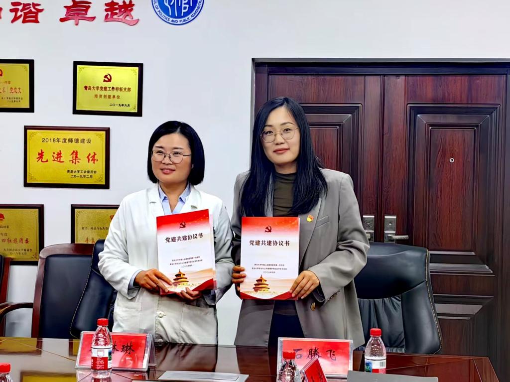 签约环节,石腾飞与郭琳琳共同签署《党支部共建协议书》,正式建立长期共建关系。未来,双方将以此为纽带,依托专业优势与医疗资源,同向发力,实现专业人才培养与医疗健康服务的协同发展。
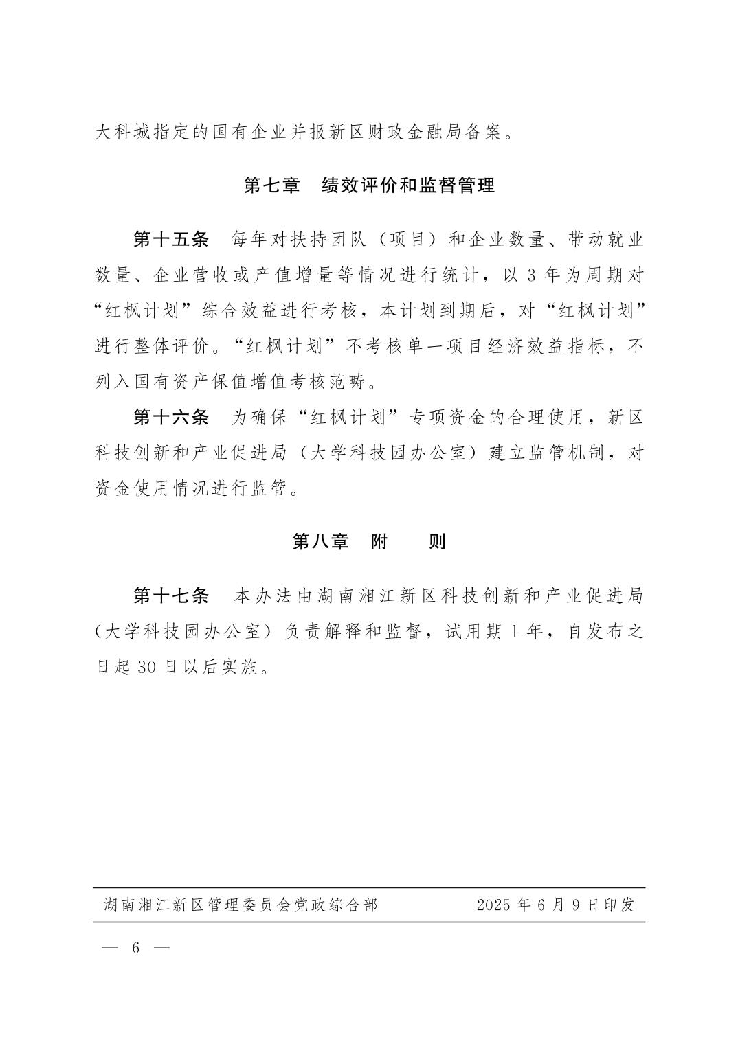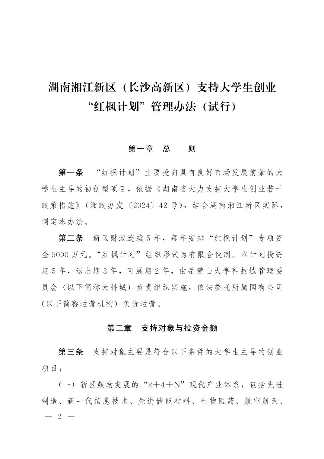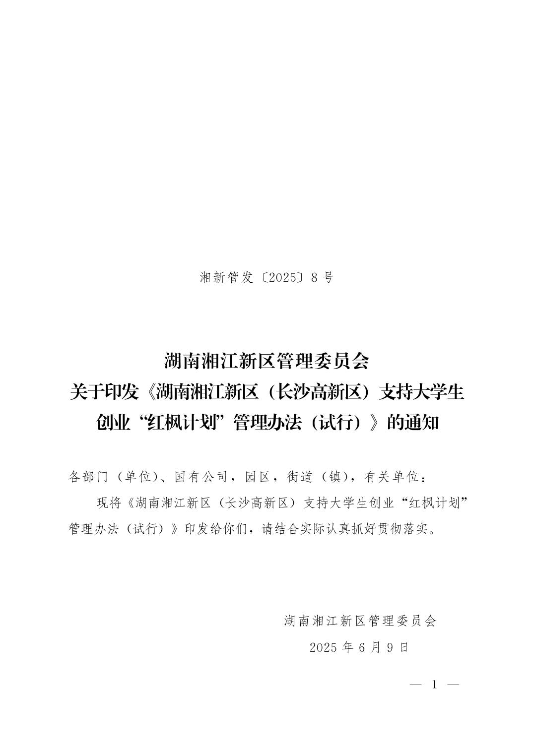 湖南湘江新區管理委員會關于印發《湖南湘江新區(長沙高新區)支持大學生創業“紅楓計劃”管理辦法(試行)》的通知
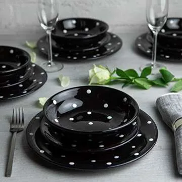 Handmade Black and White Polka Dot Ceramic 12 piece Dinnerware Set | Pottery Tableware Service for 4 | Dinner Plates | Side Plates | Bowls | Housewarming Gift by City to Cottage®
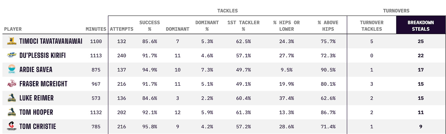 Breakdown steals also appear to be a key area of focus, with two debutants, Tavatavanawai and Kirifi, leading the way in this regard in Super Rugby this year, along with the ever-reliable Ardie Savea.
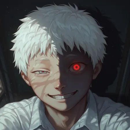Hikaru, White Hair, Short Hair, Grey Eyes, Red Eyes
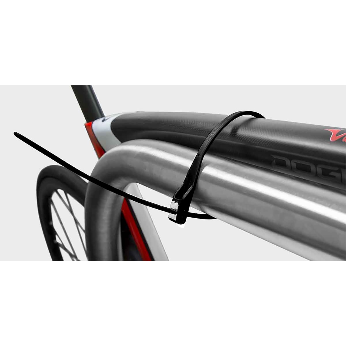 • wiederverwendbares Kabelbinderschloss zur schnellen Sicherung von Bike und Equipment
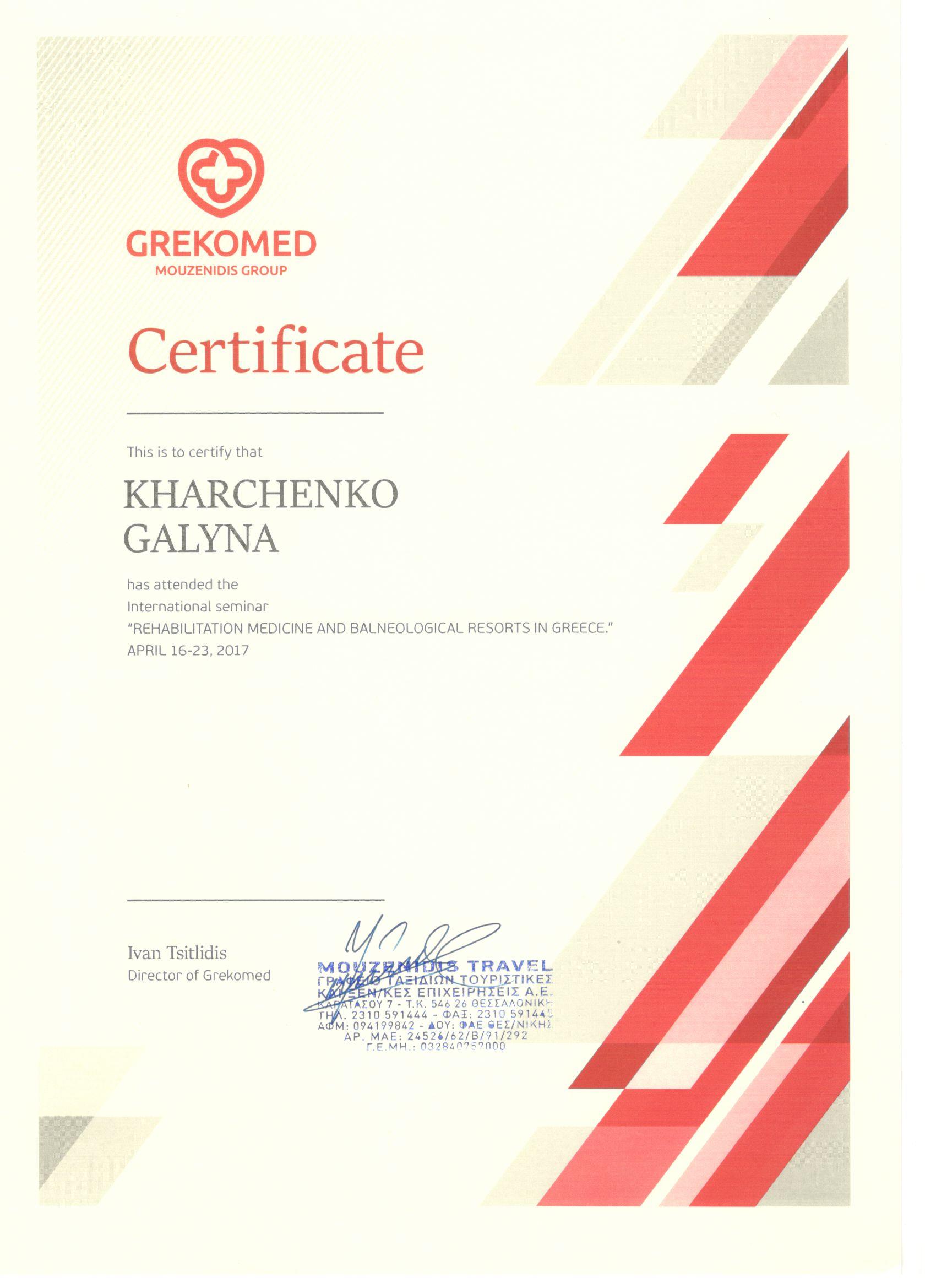 | 2364 | Rehabilitation medicina and balneological resorts in Greece | учасник міжнародного семінару | Greece |
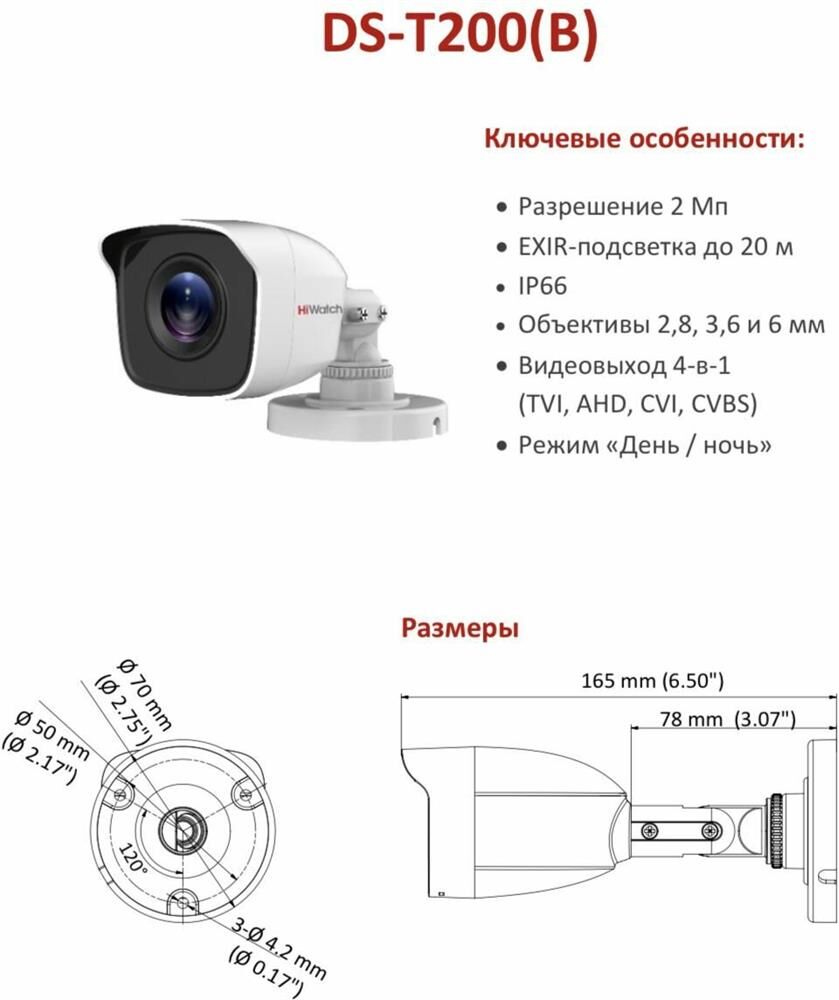 HIWATCH DS-T200(B) (2.8 mm) Камера видеонаблюдения 2.8-2.8мм HD TVI цветная корп.:белый
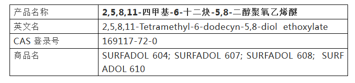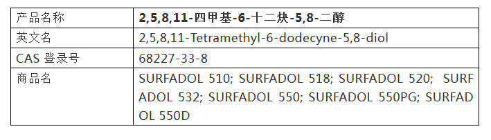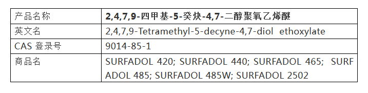 我司現(xiàn)在滿負荷生產(chǎn),可大量供應以下品種的炔二醇表面活性劑。如果您需要用于水性體系的潤濕劑、消泡劑或分散劑,歡迎來電詳談。
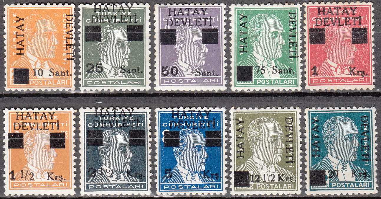 1939 TC ATATÜRK POSTA PULLARI ÜZERİNE HATAY DEVLETİ SÜRŞARJLI POSTA PULLARI (BİRİNCİ SERİ) DAMGASIZ ZAMK SARI TAM SERİ KATALOG: 600 TL
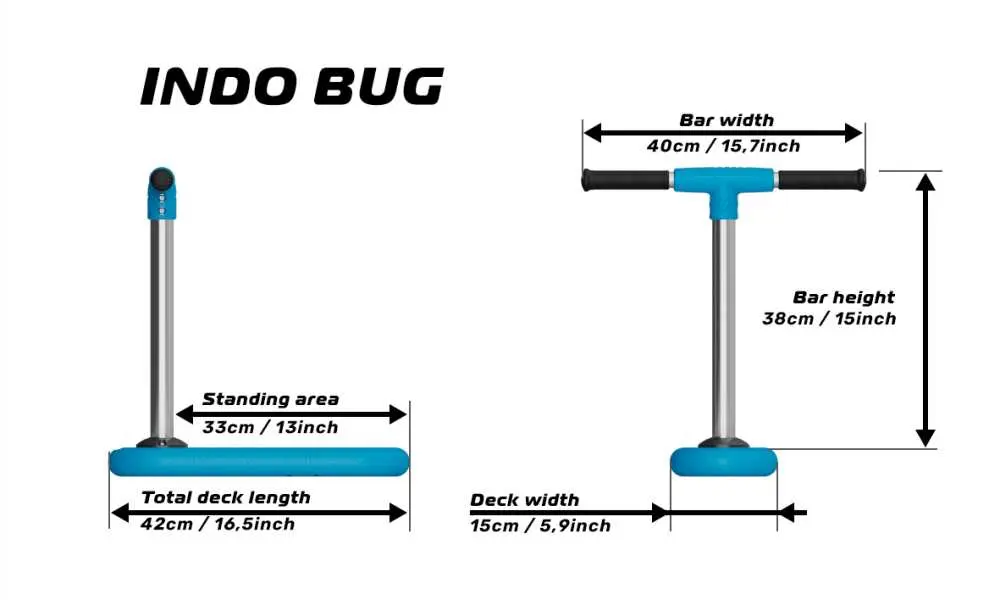 Hulajnoga treningowa INDO Bug jest przeznaczony dla małych dzieci (3 do 6 lat). Chcieliśmy dać szansę wszystkim w tym młodszym aby zabrali się za trenowanie trików na hulajnodze już w domu lub na trampolinie. Wysokiej jakości zabawka dla najmniejszych dzieci do ćwiczenia motoryki, równowagi i pierwszych trików na hulajnodze.
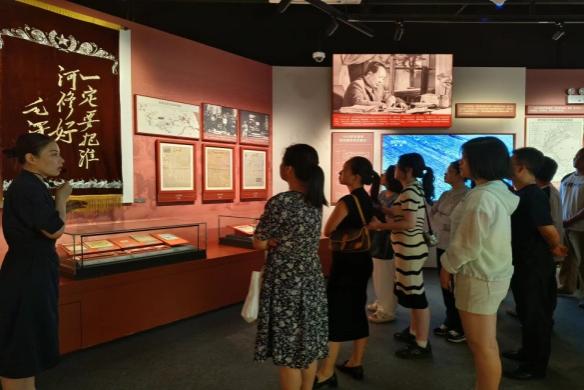 在讲解员的引导下,师生们参观了“山河安澜——淠史杭灌区主题展”。 淠史杭灌区位于安徽省中西部和河南省东南部,是淠河、史河、杭埠河三个毗邻灌区的总称。在1958年8月至1972年底的14年中,皖西人民在党的带领下,自力更生、奋发图强,创造了堪称“人间奇迹”的治水史诗。淠史杭灌区是中华人民共和国成立后建成的灌溉面积最大、唯一跨长江淮河两大流域的特大型灌区,被誉为“新中国水利建设史上一颗光辉灿烂的明珠”。

Task directions
Go to the line above that has "семінару | Greece |" and copy exactly from there down to the line that has "Hulajnoga treningowa INDO", both included. Leave the pictures out.

Answer to this exercise
 | 2364 | Rehabilitation medicina and balneological resorts in Greece | учасник міжнародного семінару | Greece |
 HIWATCH DS-T200(B) (2.8 mm) Камера видеонаблюдения 2.8-2.8мм HD TVI цветная корп.:белый
 我司現(xiàn)在滿負荷生產(chǎn),可大量供應以下品種的炔二醇表面活性劑。如果您需要用于水性體系的潤濕劑、消泡劑或分散劑,歡迎來電詳談。
 1939 TC ATATÜRK POSTA PULLARI ÜZERİNE HATAY DEVLETİ SÜRŞARJLI POSTA PULLARI (BİRİNCİ SERİ) DAMGASIZ ZAMK SARI TAM SERİ KATALOG: 600 TL
 Hulajnoga treningowa INDO Bug jest przeznaczony dla małych dzieci (3 do 6 lat). Chcieliśmy dać szansę wszystkim w tym młodszym aby zabrali się za trenowanie trików na hulajnodze już w domu lub na trampolinie. Wysokiej jakości zabawka dla najmniejszych dzieci do ćwiczenia motoryki, równowagi i pierwszych trików na hulajnodze.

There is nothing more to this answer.